Never gets old watching you take the trolls to school and hand their asses to them on a platter.simple as pie to do but its REALLY fun watching you do it all the time.


----------



## LA RAM FAN (Sep 17, 2011)

rightwinger said:


> Mr. Jones said:
> 
> 
> > Controlled Demolition Not Possible?
> ...



with agents like you its pointless,you cover your ears and eyes when you see it.


----------



## rightwinger (Sep 17, 2011)

9/11 inside job said:


> rightwinger said:
> 
> 
> > SFC Ollie said:
> ...



Oswald?

You want my theory?  Oswald read in the paper that the Kennedy motorcade would pass right by where he worked. So he took his gun to work and fired three shots, one of which blew JFKs brains out

What is your theory?  I have evidence, do you?


----------



## LA RAM FAN (Sep 17, 2011)

Like clockwork,here comes the agent trol rightwinger   to fling shit in defeat like the monkey troll he is.


----------



## Disenchanted61 (Sep 17, 2011)

9/11 inside job said:


> rightwinger said:
> 
> 
> > Mr. Jones said:
> ...


And that which you have revealed, is the truth. Some of us were raised to believe "never shit where you eat," but this crowd of sell outs, lack intellectual and moral fortitude to the highest degree, and 
future generations will be paying the price.


----------



## rightwinger (Sep 17, 2011)

Hey truthers...

I asked for any evidence of a controlled demo. Your theory is that either the trade center buildings were all wired while being built or were wired for demo sometime afterwards. 

Where is your evidence?  There are other buildings still standing in that complex. Are they wired too?  Why don't you check


----------



## LA RAM FAN (Sep 17, 2011)

Disenchanted61 said:


> 9/11 inside job said:
> 
> 
> > rightwinger said:
> ...



they're simple as hell to spot.the ones like agent rightwinger and gomer pyle ollie  here for instance,they constantly come back all the time posting lies and bullshit and ignoring evidence,facts and witness testimonys since it doesnt go along with their version of events so they are too stupid to realise they advertise themselves that way all the time.they do exactly what their handlers pay them to do,try and derail truth discussions.

they wouldnt come back here constantly everyday making up lies and b.s like they do without being paid.the ones that are just loyal Bush dupes in denial and afraid,you'll post some thing that refutes the evidence and then they leave and dont come back since they know they are beat.I have seen quite a few of them over the years at this site come and do that,take off and leave when that happens.

whats REALLY hysterical about these agents like gomer pyle and rightwinger,is their debating skills are so laughable its not even funny.they dont even try and refute the evidence and facts you give them.they evade it by changing the subject and asking irrelevent questions that have NOTHING to do with the points you brought up.typical tactic of an agent. 

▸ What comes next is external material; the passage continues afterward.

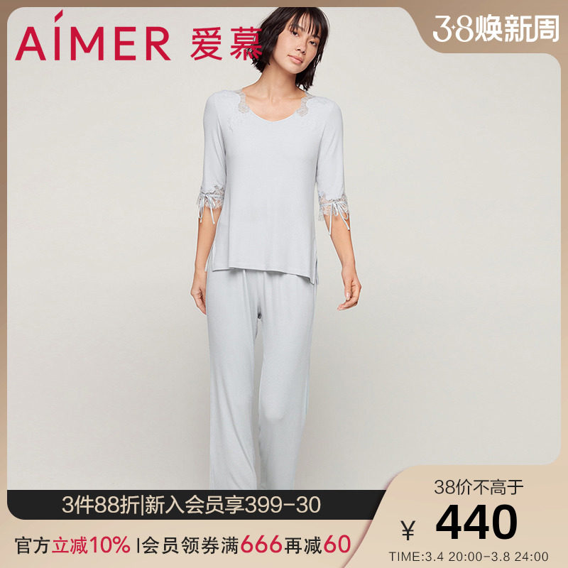 爱慕 Пижама Женская летняя летняя модальное волокно пять рукавовых рукавов можно носить за пределами AM465601

their debating skills are so laughable they are a pitiful joke.You'll find out that if you refer them to a video or  link or ask them to read a book that debunks the official version and refute the facts and evidence in them,they wont say a word,they'll say nothing about your points you brought up and ignore it.you have to actually address your opponent and tell him whats wrong with your evidence to avoid losing a debate.these trolls NEVER do that.they wouldnt last ONE MINUTE in a first grade debating contest with a first grader with debating skills like that.

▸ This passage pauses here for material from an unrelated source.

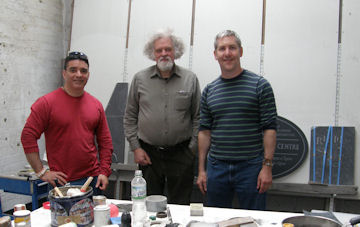 Alfredo, Ieuan Rees, and Shane in the stone-carving studio

they always ignore this point that anytime someone posts a video for me to watch or refers me to a book to read,I ALWAYS read that book they refer me to and watch that video.thats admitting defeat if you dont.which is what they always do since they wont take you up n your challenge. thats the number one rule of a debate they dont get is that you actually got to try and refute the points your opponet brings up,not call them names and then run off like they always do.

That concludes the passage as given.